Due to the success of the Internet, the Internet Protocol (IP) has become the primary networking protocol. Major concerns of the Internet community are the depletion of global IP address space (IPV4) and the complexity of configuring hosts with global IP addresses for Internet access. To extend the life of current IP address space and provide configureless access, network address translation (NAT) and its extension port address translation (PAT) have been employed.
Network address translation supports connectivity between the Internet and hosts using private addressing schemes. This connectivity provides configureless access to the Internet in that hosts may have independently assigned, globally non-unique addresses that need not be coordinated with the Internet Address Numbering Association (IANA) or other Internet registry. Network address translation pairs up the private addresses to public addresses so that the inside IP addresses appear as legally registered IP addresses on the Internet.
Port address translation allows a number of private network addresses and their ports to be translated to a single network address and its ports. Thus, multiple hosts in a private network may simultaneously access the Internet using a single legally registered IP address. The registered IP address is typically assigned to a router that translates addressing information contained in message headers between the addressing schemes.
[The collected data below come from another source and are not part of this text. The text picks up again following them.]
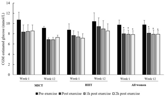 Two-hour effect of exercise on CGM-derived glucose levels. Data are presented as mean ± SEM. HIIT and MICT data are provided to show the absence of difference between groups regarding the acute effect of exercise. Three individuals in the MICT group ate between the 1 h and 2 h post-exercise at week 12. * p < 0.03: significantly different from pre-exercise glucose levels.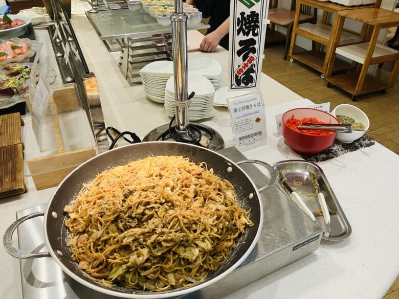 朝食も想像以上に充実!「富士の朝ごはん」と題されたブッフェでは、地元食材をふんだんに使ったメニューがずらり。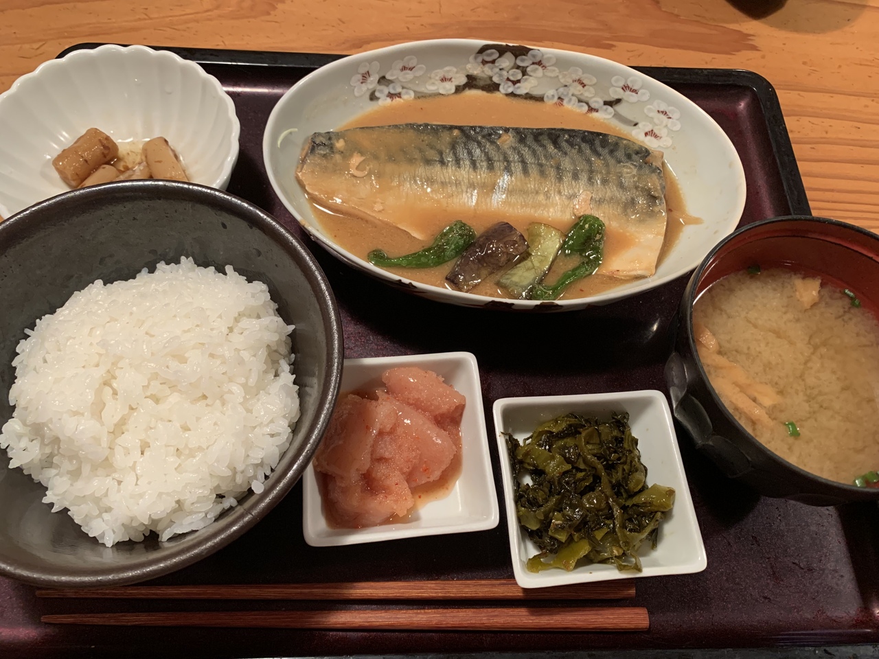 唐揚げ定食を食べている方が一番多いのですが、この日はサバの味噌に定食があったのでそちらにしました。大きなサバの味噌煮だけでご飯が食べ終わってしまいます。明太子も食べたいのでご飯もおかわりしてしまいます。ご飯も美味しくて熱々のものが出て来ます。1300円です。- 旅行時期

A problem with Network and Port Address Translation is that some applications embed addressing information in their message payload data. This embedded addressing information is also to be translated when the packet is crossing the boundary. Unfortunately the translation function does not have the knowledge of the application packet format nor does it know if the packet has embedded addressing information. Therefor it is not possible for the translation function in the border routers to translate such data packets without specific knowledge of such applications and their packet formats. The mechanism to translate such packets is to be implemented in the translation function. Translation functions fail as soon as a new such application is developed or used with the router. Normally vendors of such translation functions in the routers develop new versions to handle the newly discovered applications that embed addressing information in their packets and make new release of the software and update all the affected installed systems. This is time consuming, expensive and cumbersome besides user application downtime.